This invention relates in part to metal hydrides and complex hydrides that may be used to form a stable hydrogen capacity for hydrogen cycling. There remains a need for improvements in metal and complex hydrides with respect to hydrogen storage capacity, dehydriding temperatures, and reversibility of the hydrogen sorption and desorption cycles. For instance, it is known in the art as set forth in U.S. Pat. No. 7,094,387 directed to molten state processes of forming unique metal hydrides and complex metal hydrides. However, there remains room for improvement and variation in the art directed to techniques and resulting materials to form stabilized high capacity complex hydrides.
Currently hydrogen is stored on board a vehicle under 5,000 to 10,000 psi pressure. However, these storage systems are not efficient from a volumetric point of view. For example, the storage density of hydrogen gas at 10,000 psi is only 0.035 g/cm3, which is approximately half the storage density of liquid hydrogen at the 20K boiling point of hydrogen. Despite the higher storage density, liquid hydrogen is an undesirable storage form due to hydrogen liquefaction storage loss and short lived dormancy at 20K due to boil off.

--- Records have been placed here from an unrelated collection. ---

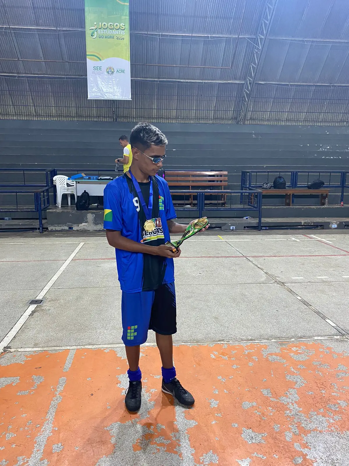 Yan Pablo, conhecido como Gabigol, exibe orgulhoso o troféu de artilheiro do Campeonato Estadual de Futsal Sub-17, com seis gols marcados/Foto: Arquivo pessoal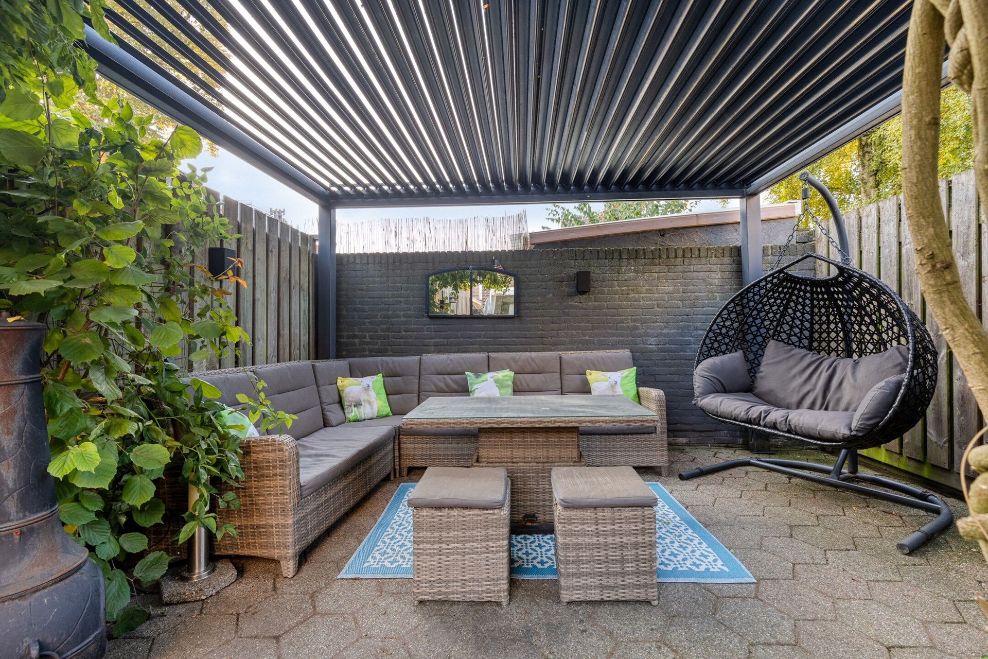 De zonnige tuin op het zuiden is een heerlijke plek om te genieten van het buitenleven. Achterin de tuin bevindt zich de aangebouwde stenen berging, ideaal voor het opbergen van fietsen en tuingereedschap. Daarnaast is er in de tuin zelf een deur aanwezig die toegang biedt tot de achterom — wel zo praktisch. Een echte blikvanger is de moderne antracietgrijze aluminium overkapping waarvan het dak eenvoudig open en dicht kan. Zo kun je zowel op zonnige dagen als bij een zomers buitje comfortabel buiten zitten. Door de gunstige ligging geniet je hier vrijwel de hele dag van de zon en is er altijd wel een fijn plekje om te ontspannen.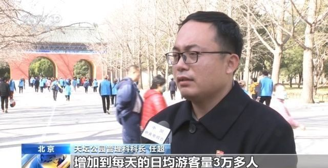 天坛公园管理科科长 任超:随着春暖花开天气的转好,游客量也从2万多人增加到每天的日均游客量3万多人,增加了也是将近30%多。外地团的数量剧增,由原来的20多个增长到现在日均180个 。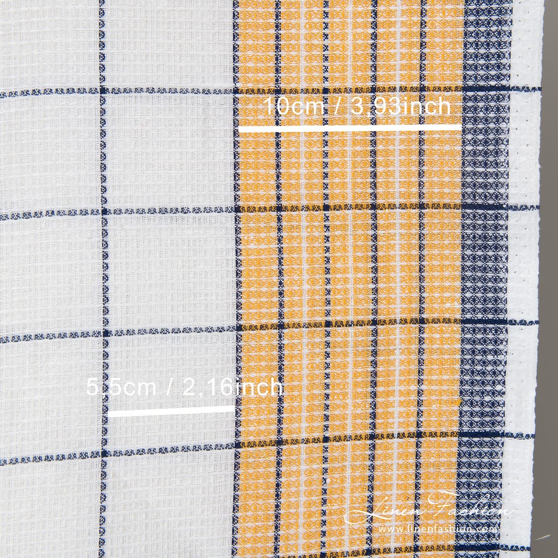 množstvo Biela, oranžová a modrá kockovaná ľanovo-bavlnená látka

Complex metal hydrides, such as alanates (e.g., LiAlH4, NaAlH4 and KAlH4) and borohydrides (e.g., LiBH4, NaBH4 and KBH4), show promise as materials for solid state storage of hydrogen. For example, the theoretical hydrogen volumetric storage density in lithium borohydride (LiBH4) is approximately 0.12 g/cm3, more than three times the density of gaseous hydrogen at 10,000 psi.
However, many complex metal hydrides are unsuitable for hydrogen storage applications. For example, Al(BH4)3 is an unstable compound, and its vapor ignites spontaneously on exposure to air containing only traces of moisture.
A great deal of research is currently underway with other complex hydride compounds and materials to determine the most efficient and useful hydrogen storage material.
There is a need for solid state hydrogen storage materials having improved chemical stability, stable hydrogen capacity with cycling, and enhanced kinetics compatible with automotive and other portable power source requirements.